Once you make sure the web server is working correctly, you will probably want to add a few lines to your rc.local file to start it in the background on system startup:

cd /var/www
./webserver.py &

Step 2 – Write the CGI Script

This is a mildly long script, so I will break it down and explain it by sections. The entire source file is at the bottom of this post.
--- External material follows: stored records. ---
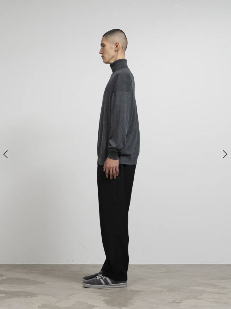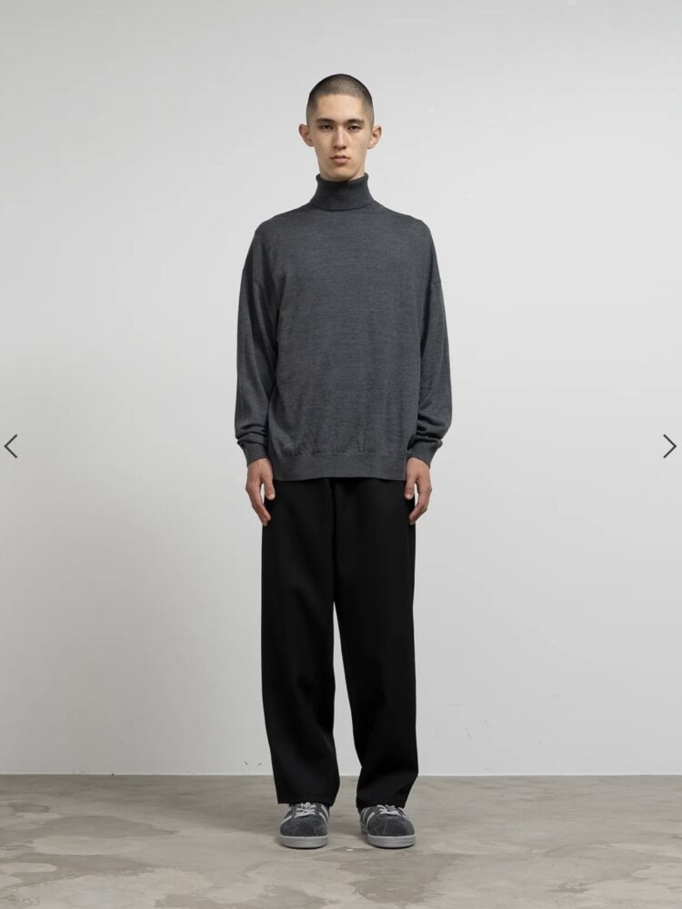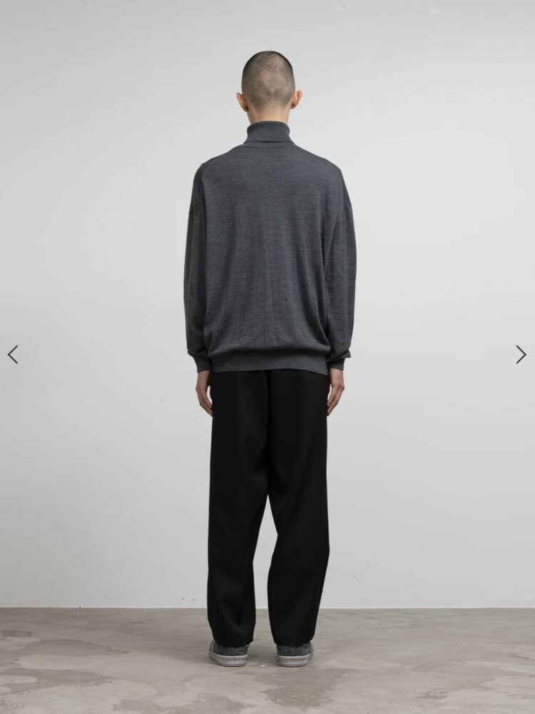 超細番手 S160'sのウール糸にアップデートをしたベーシックニット。糸が持つ自然な光沢と十分な油脂分による滑らかな肌触りをより心地よい仕上がりに。程良くボリュームのある3サイズ展開の長袖タートルネック。
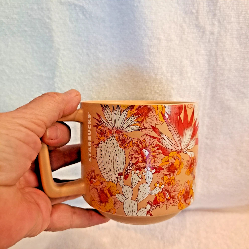 Welcome to my collection of my personal home items. I purchased this coffee cup as new and have never used it. No cracks or chips. Free shipping. The Starbucks 2019 Ceramic tan Pink Cactus 14oz Stackable Mug is a stylish and fun addition to any coffee or tea lover's collection. Made of ceramic with a tan pinkish color, this original Starbucks mug features the iconic coffee & tea theme. With a capacity of 14oz, it is perfect for enjoying your favorite hot beverages. This collectible item was manufactured in China and is a unique piece that showcases the Starbucks brand in a creative way.
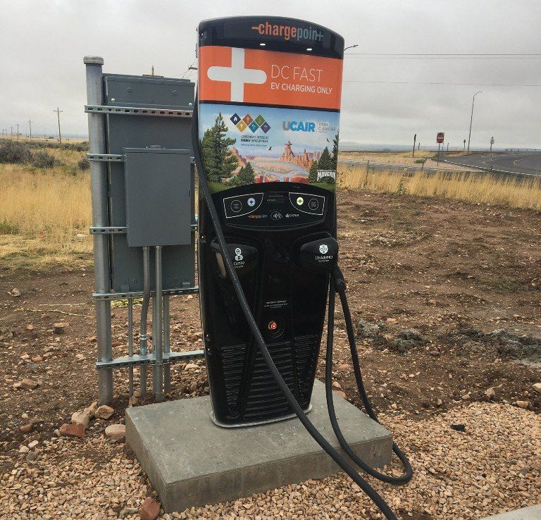 A Rapid charging station added in 2017 at Filmore, UT. This makes long-distant travel in an electric car convenient.
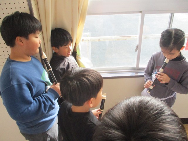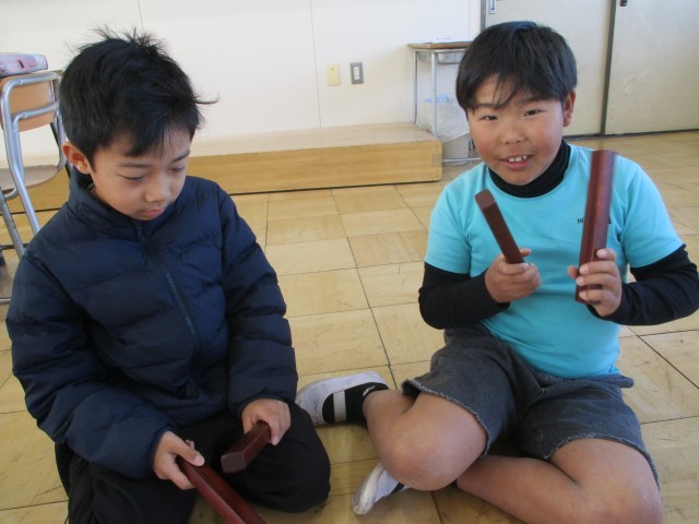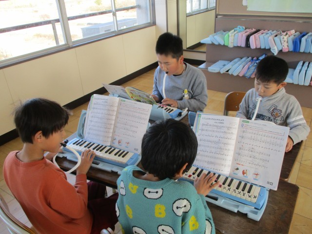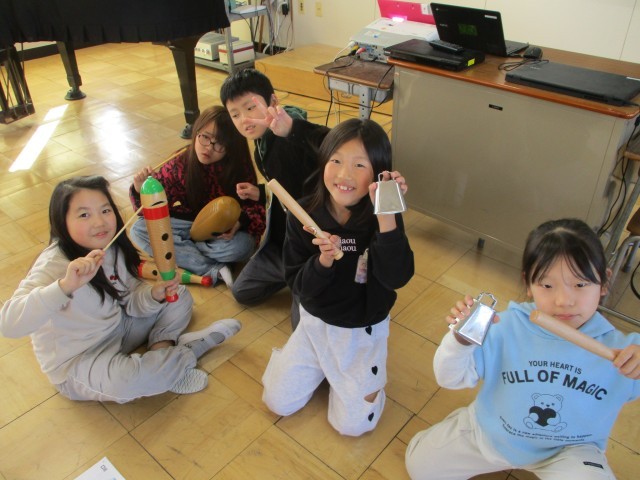 音楽では、「メロンの気持ち」をリコーダーや鍵盤ハーモニカ、クラベス、ギロ、カウベルの楽器に分かれて演奏をします。

The first lines in the script tell the server to use Python to run is and import the libraries that you will need. “os” is used to read the directory and is included with Python. “pyPdf” is used to get titles from PDF files and is widely available in repositories. On Debian based systems the package is called “python-pypdf”.

#! /usr/bin/env python

import os
from pyPdf import PdfFileReader

Here we print some text to let browser know that it is receiving HTML output. We also set the title of the page and print a header at the top.
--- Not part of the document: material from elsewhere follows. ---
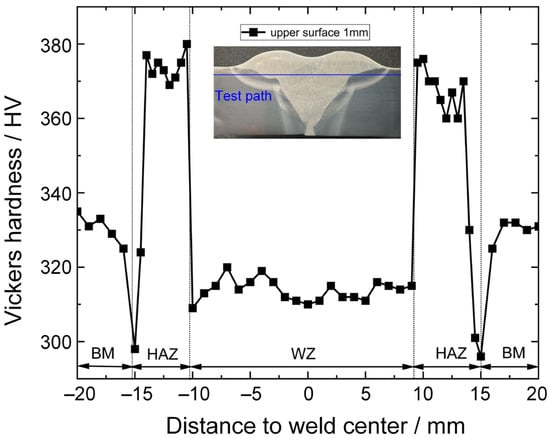 The experiment employed the microhardness tester model TDMH-3 for measurements. The hardness values were measured at intervals of 1 mm along the weld zone and 0.5 mm along the HAZ and the BM. A load of 1 kgf was applied for 15 s during testing. It can be observed that the joint microhardness exhibited a generally symmetrical distribution on both sides of the weld zone, as illustrated in Figure 17. The WZ in the welded joint displayed the lowest and relatively stable microhardness, measuring approximately 314 HV. However, greater variations were observed in the microhardness of the whole HAZ. Specifically, the microhardness of the HAZ adjacent to the WZ sharply increased to a maximum value of 380 HV, while it suddenly decreased to a minimum value of 296 HV closer to the BM. This variation was mainly because the HAZ adjacent to the WZ consisted of coarse grains, particularly the coarse M. As a result, the microhardness increased to the maximum value. Nevertheless, the HAZ adjacent to the base metal was an incomplete quenching region composed of TM and F; therefore, it exhibited the lowest microhardness. Additionally, the microhardness of the BM remained relatively constant at 332 HV.
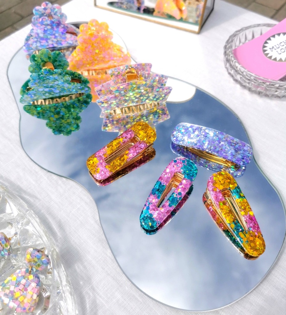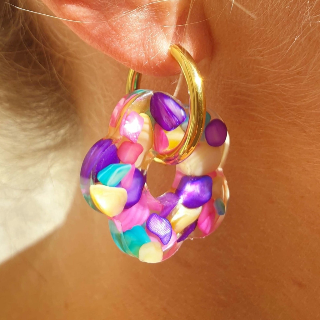 C’est dans cet esprit que naît peu à peu Mucha Loca. En Colombie, Charlotte expérimente la céramique, puis découvre la résine : un matériau vivant qui joue avec la lumière et laisse place à l’expérimentation. Elle y glisse fleurs séchées, pierres semi-précieuses, nacres, coquillages, paillettes ou strass… autant de fragments colorés emprisonnés dans la transparence.

print "Content-Type: text/html"
print
print """
<html>
<head><title>Kindle Library</title></head>
<body>
<h1>Kindle Library</h1><hr>
<ul>
"""

Here we initialize blank lists: one for MOBI format books, one for PDF format books, and one for subdirectories.

mobifiles = []
pdffiles = []
dirlist = []

Now we get a listing of the directory where the books are stored and sort the entries based on the file extension. Anything without an extension is assumed to be a subdirectory and anything with an unrecognized extension is simply ignored.

filelist = os.listdir("/var/www/kindle")
for f in filelist:
    if os.path.splitext(f)[1] == ".mobi":
        mobifiles.append("/var/www/kindle/"+f)
    elif os.path.splitext(f)[1] == ".pdf":
        pdffiles.append("/var/www/kindle/"+f)
    elif os.path.splitext(f)[1] == "":
        dirlist.append("/var/www/kindle/"+f)

And now we do the same thing for any files in subdirectories.

for d in dirlist:
    filelist = os.listdir(d)
    for f in filelist:
        if os.path.splitext(f)[1] == ".mobi":
            mobifiles.append(d+'/'+f)
        elif os.path.splitext(f)[1] == ".pdf":
            pdffiles.append("/var/www/kindle/"+f)

This code looks in each of the MOBI format files and extracts a title. The MOBI format is a fairly complex binary file–usually compressed–and I couldn’t easily find a Python library to read the metadata. Let me know if you know of one. A little tinkering with a hex dumper revealed that the first 32 bytes of each file contain an abbreviated title, which works fine for this application.

Screen Shot of Hex Dump

Screen Shot of Hex Dump

print "<h2>Kindle MOBI Books</h2>"
booklinks = []
for f in mobifiles:
    with open(f, "rb") as book:
        t = book.read(32)
        title = t.strip()
        title = title.replace("_", " ")
    booklinks.append(['<li><a href="'+f.replace("/var/www/","/")+'">',
          title,"</a></li>"])

And then this part sorts the list by title and prints the hyperlinked titles.

booklinks.sort(key=lambda x: x[1])      #sort by title

for b in booklinks:
    print b[0]+b[1]+b[2]

print "</ul>"

This part does the same thing for .PDF books. The PyPdf library makes it silly easy to retrieve PDF metadata. The only thing to worry about is that not all PDF creators bother to put a title in. When the title returns as “None” we use the file name for a title.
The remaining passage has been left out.